# How to practice and play a fugue



## guy

*How can I practice and play a fugue?*

How would I go about practicing a fugue? It is the first fugue from the 3rd movement of beethoven's 31st piano sonata. I've gotten to measure 19, but then that trill happens. Plus, I don't think I'm emphasising the subject enough. Can someone help me?


----------



## PetrB

A fugue is a fugue is a fugue, so practice with one of the voices left out (using the fingering) and sing, no matter how well and in what register, the missing voice. Shuffle that up, leave another voice out you will sing while playing the others.

A trill is more directly a matter of finger technique - depending upon the fingering, your hand, etc. 
For that, it is time to ask a teacher: whether you have a teacher or not, you can make a single appointment with one to inquire about a small list of well-thought out questions before you go for that one session.


Best regards.


----------



## guy

Thank you, and I will attempt this as best as I can.
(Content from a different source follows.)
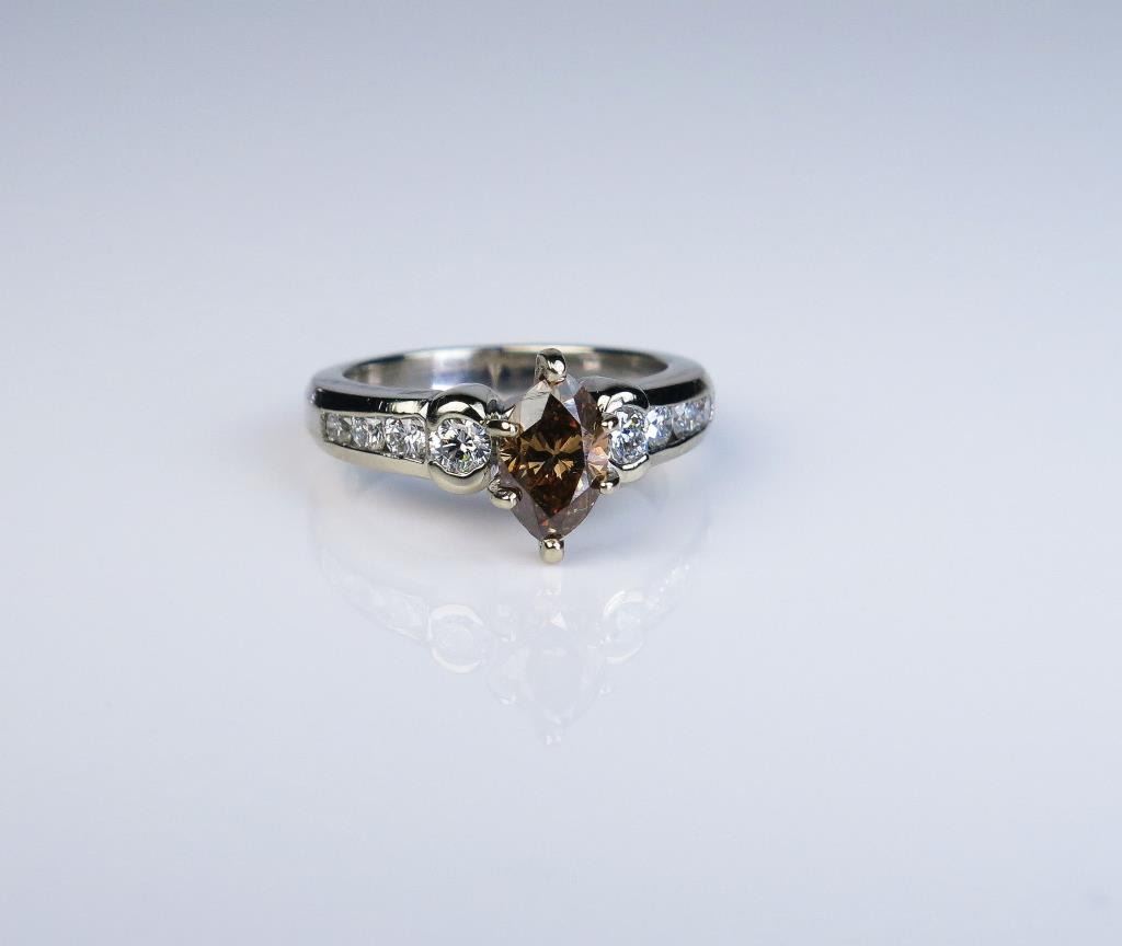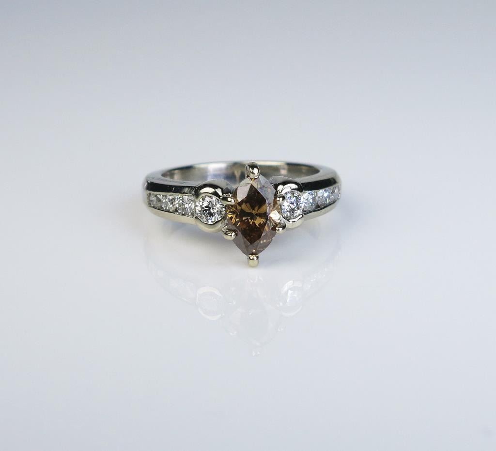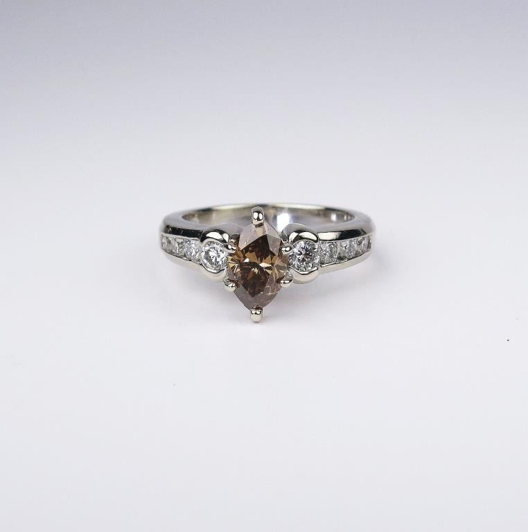 Marquise diamond weighing 1.07 carats of VS clarity and 8 round ‘IDEAL’ cut diamonds weighing approx. 0.50 carats of F-G colors and VVS/VS clarity set in a 14 karat white gold setting Retail $4,000-$5,000 Estimates $2,000-$3,000
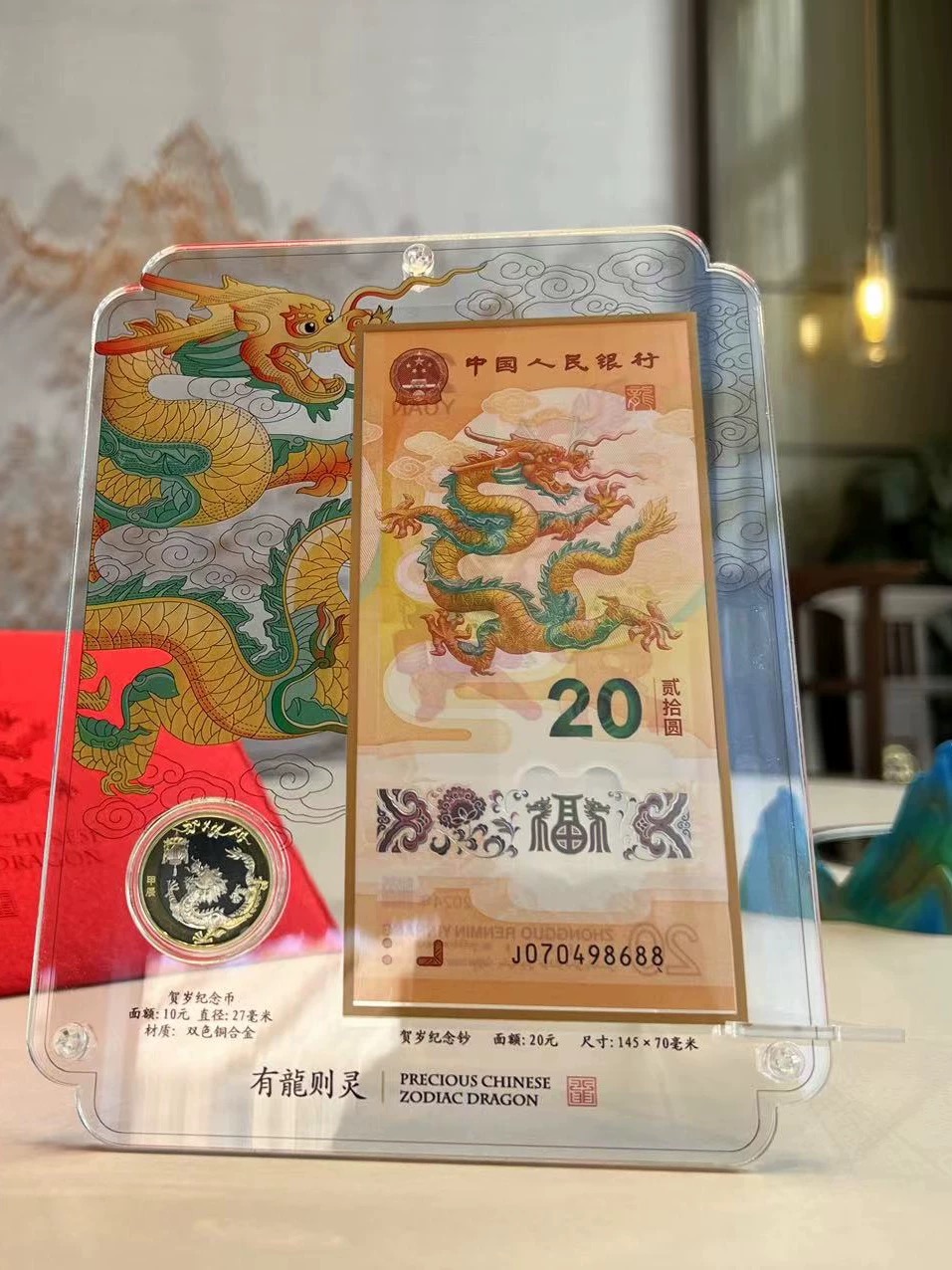 龙钞摆台含一币一钞,亚克力透明高档

I do have a teacher, and I will ask her at my next lesson with her. Thanks!


----------



## hreichgott

I would think it makes sense to keep the emphasis on the upper voice from its entrance until that trill and big cadence. The upper voice has the subject anyway. At the conclusion of the cadence the LH will come in with the subject like gangbusters so it would make a nice contrast.

Edit: just listened to Takacs and Goode here -- both emphasize the upper voice including trill at that spot -- Goode emphasizes the upper voice from its entrance until the cadence, while Takacs actually makes more of the middle voice while the upper voice is playing its entrance, then brings out the upper voice once it starts playing those little downward-moving repeats of the last few notes of the subject.


----------



## Chordalrock

I'm late to the party but, someone has to say it: emphasising the subject in a fugue -- at least any fugue whose roots are in Bach -- is un-historical, incorrect approach, and boring and wrong. I know everybody does it, but that's only to say doing the opposite is even more important than it would otherwise be.


----------



## Jonathan Wrachford

guy said:


> How would I go about practicing a fugue? It is the first fugue from the 3rd movement of beethoven's 31st piano sonata. I've gotten to measure 19, but then that trill happens. Plus, I don't think I'm emphasising the subject enough. Can someone help me?


wow! you must be really good! I've never played any fugues though, sorry, just want to tell you to keep up.


----------



## Matsps

How do you practice a fugue? *Slowly*


----------